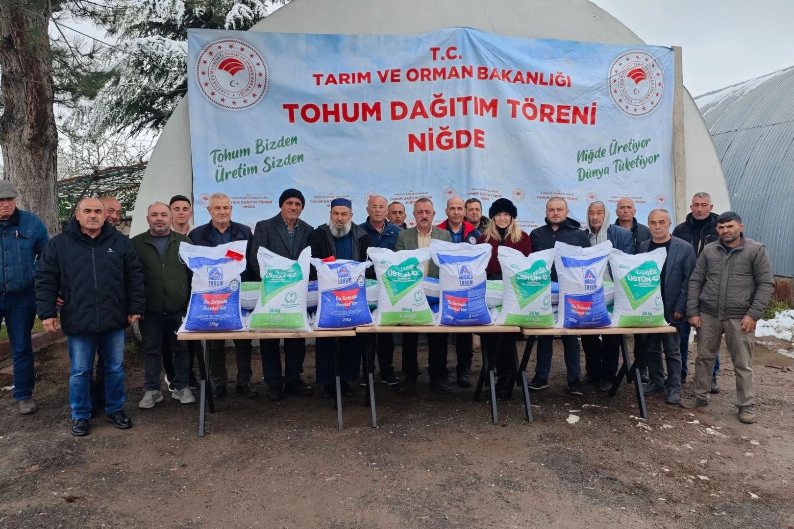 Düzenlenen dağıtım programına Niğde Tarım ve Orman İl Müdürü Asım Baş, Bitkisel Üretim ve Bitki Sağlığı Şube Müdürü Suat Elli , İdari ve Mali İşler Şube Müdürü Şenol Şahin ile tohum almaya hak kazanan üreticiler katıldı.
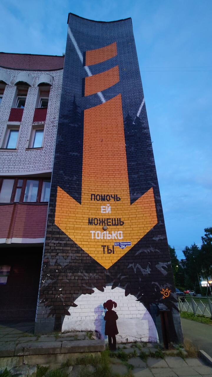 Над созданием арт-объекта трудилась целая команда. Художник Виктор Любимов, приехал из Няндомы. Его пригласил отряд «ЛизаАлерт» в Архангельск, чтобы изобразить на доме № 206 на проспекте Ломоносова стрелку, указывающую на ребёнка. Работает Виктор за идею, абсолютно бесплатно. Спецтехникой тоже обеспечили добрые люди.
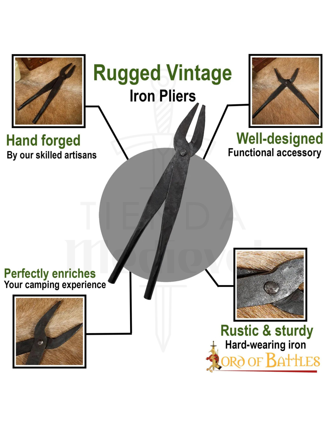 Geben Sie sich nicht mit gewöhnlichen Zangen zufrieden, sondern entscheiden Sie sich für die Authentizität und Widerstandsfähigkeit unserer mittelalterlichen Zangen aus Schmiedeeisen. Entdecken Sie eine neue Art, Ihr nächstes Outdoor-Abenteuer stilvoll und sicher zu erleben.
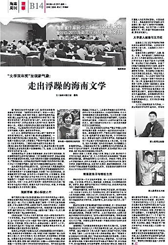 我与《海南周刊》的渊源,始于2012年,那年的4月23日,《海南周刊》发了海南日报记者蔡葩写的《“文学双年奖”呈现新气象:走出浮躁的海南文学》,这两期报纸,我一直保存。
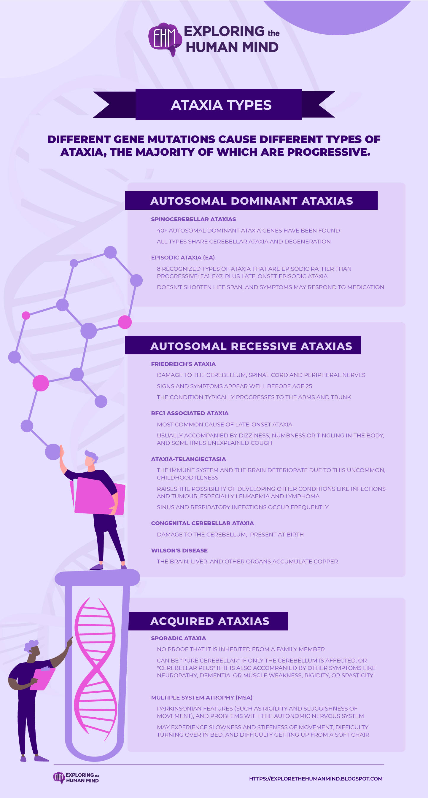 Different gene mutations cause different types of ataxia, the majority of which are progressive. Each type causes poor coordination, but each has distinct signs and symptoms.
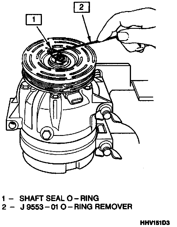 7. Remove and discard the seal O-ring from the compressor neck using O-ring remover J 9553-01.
○ ○ ○ ○ ○ ○ ○
EXERCISE AIM:
With pictures excluded, reproduce exactly the lines above from the one containing "Geben Sie sich" down to the one containing "Different gene mutations", those two included.

SOLUTION TO THIS EXERCISE:
 Geben Sie sich nicht mit gewöhnlichen Zangen zufrieden, sondern entscheiden Sie sich für die Authentizität und Widerstandsfähigkeit unserer mittelalterlichen Zangen aus Schmiedeeisen. Entdecken Sie eine neue Art, Ihr nächstes Outdoor-Abenteuer stilvoll und sicher zu erleben.
 我与《海南周刊》的渊源,始于2012年,那年的4月23日,《海南周刊》发了海南日报记者蔡葩写的《“文学双年奖”呈现新气象:走出浮躁的海南文学》,这两期报纸,我一直保存。
 Different gene mutations cause different types of ataxia, the majority of which are progressive. Each type causes poor coordination, but each has distinct signs and symptoms.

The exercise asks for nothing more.